#### EXERCISE DETAILS:
Please make an exact copy of the lines from the one holding "The absence of" through the end of the data, both ends included, with no pictures.

#### DATA SEGMENT:
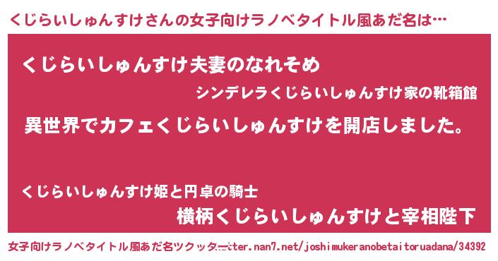 | ヘコむあだ名 | 『くじらいしゅんすけ(笑)』『くじにゅー』 |
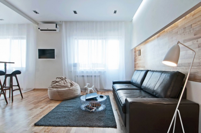 The absence of stationary partitions and interior walls is a great advantage in terms of functional changes. With the birth of a child, it is easy to transform interior design of a small apartment «studios», adding a kids corner with a play area. When changing your lifestyle, you can expand the workplace to perform additional tasks remotely at home. If guests are often in the house, it is recommended to "build up" a soft corner with additional seats.
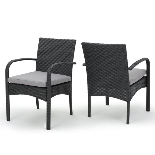 Outdoor Faux Rattan/Iron Metal Club Chair, Set of 2, Black

#### RESULT OF THE TASK:
 The absence of stationary partitions and interior walls is a great advantage in terms of functional changes. With the birth of a child, it is easy to transform interior design of a small apartment «studios», adding a kids corner with a play area. When changing your lifestyle, you can expand the workplace to perform additional tasks remotely at home. If guests are often in the house, it is recommended to "build up" a soft corner with additional seats.
 Outdoor Faux Rattan/Iron Metal Club Chair, Set of 2, Black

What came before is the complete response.